Assignment
Your answer must hold only the lines below from the line containing "Upload code 1" through the line containing "You just have", each reproduced exactly.

Records for processing
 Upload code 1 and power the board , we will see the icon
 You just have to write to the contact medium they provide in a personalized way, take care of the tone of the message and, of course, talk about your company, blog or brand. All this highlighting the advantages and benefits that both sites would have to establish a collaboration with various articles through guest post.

==

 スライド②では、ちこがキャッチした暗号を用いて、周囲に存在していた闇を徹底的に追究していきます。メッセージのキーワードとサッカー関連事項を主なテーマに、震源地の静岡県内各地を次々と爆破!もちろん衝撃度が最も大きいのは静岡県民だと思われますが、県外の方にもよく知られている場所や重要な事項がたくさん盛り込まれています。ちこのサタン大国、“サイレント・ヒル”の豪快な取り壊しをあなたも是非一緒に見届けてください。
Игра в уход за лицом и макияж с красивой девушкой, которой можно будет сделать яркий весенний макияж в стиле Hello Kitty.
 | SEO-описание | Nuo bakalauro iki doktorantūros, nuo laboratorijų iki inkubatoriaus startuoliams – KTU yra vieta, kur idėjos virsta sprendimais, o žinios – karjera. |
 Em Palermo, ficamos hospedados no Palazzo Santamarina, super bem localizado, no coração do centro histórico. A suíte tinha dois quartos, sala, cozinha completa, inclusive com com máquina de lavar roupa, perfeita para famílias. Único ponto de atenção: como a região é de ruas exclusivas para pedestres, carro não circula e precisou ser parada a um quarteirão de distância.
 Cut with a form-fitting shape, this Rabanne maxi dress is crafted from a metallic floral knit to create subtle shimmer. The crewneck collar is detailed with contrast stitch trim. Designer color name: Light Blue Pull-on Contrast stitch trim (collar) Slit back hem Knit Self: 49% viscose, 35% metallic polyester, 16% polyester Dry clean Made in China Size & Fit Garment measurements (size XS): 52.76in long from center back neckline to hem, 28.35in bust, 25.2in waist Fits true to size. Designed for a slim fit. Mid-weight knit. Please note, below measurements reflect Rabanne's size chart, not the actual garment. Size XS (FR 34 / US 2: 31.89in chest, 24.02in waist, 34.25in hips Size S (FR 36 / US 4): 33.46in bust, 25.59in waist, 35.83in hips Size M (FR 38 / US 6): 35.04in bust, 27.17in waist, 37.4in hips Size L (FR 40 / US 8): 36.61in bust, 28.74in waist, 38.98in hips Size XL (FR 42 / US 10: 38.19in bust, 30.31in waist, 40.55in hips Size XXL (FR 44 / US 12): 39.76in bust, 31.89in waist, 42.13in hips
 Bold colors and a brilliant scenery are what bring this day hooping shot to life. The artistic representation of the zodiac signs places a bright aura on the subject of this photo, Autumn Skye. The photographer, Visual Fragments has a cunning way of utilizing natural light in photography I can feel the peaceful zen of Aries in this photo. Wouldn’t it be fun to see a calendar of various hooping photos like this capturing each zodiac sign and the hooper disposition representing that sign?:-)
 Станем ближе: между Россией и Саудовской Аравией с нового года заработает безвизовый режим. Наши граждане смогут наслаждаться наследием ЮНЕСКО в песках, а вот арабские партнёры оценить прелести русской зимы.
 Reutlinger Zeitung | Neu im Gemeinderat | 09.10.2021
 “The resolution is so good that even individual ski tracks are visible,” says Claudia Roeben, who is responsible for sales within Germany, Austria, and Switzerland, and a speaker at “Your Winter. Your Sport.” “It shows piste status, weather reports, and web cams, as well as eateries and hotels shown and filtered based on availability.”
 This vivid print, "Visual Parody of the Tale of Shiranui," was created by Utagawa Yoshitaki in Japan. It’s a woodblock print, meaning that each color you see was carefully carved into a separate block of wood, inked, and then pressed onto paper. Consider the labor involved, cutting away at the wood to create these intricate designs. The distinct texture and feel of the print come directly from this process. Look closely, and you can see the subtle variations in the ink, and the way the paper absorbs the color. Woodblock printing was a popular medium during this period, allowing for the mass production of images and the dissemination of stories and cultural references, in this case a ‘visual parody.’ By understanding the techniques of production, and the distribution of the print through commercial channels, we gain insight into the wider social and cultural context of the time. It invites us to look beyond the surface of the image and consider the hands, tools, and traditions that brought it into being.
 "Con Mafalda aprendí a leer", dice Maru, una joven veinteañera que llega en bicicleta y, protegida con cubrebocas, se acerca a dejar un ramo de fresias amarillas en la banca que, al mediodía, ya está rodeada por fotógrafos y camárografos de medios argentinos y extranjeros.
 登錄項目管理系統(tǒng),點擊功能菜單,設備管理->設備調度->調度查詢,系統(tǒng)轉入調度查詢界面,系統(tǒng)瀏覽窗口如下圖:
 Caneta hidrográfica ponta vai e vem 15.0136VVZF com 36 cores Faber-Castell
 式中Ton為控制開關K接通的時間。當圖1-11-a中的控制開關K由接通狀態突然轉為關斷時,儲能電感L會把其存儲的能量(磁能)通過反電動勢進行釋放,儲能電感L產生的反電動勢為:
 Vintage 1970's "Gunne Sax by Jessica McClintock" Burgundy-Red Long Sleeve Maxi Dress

Exercise solution
 Upload code 1 and power the board , we will see the icon
 You just have to write to the contact medium they provide in a personalized way, take care of the tone of the message and, of course, talk about your company, blog or brand. All this highlighting the advantages and benefits that both sites would have to establish a collaboration with various articles through guest post.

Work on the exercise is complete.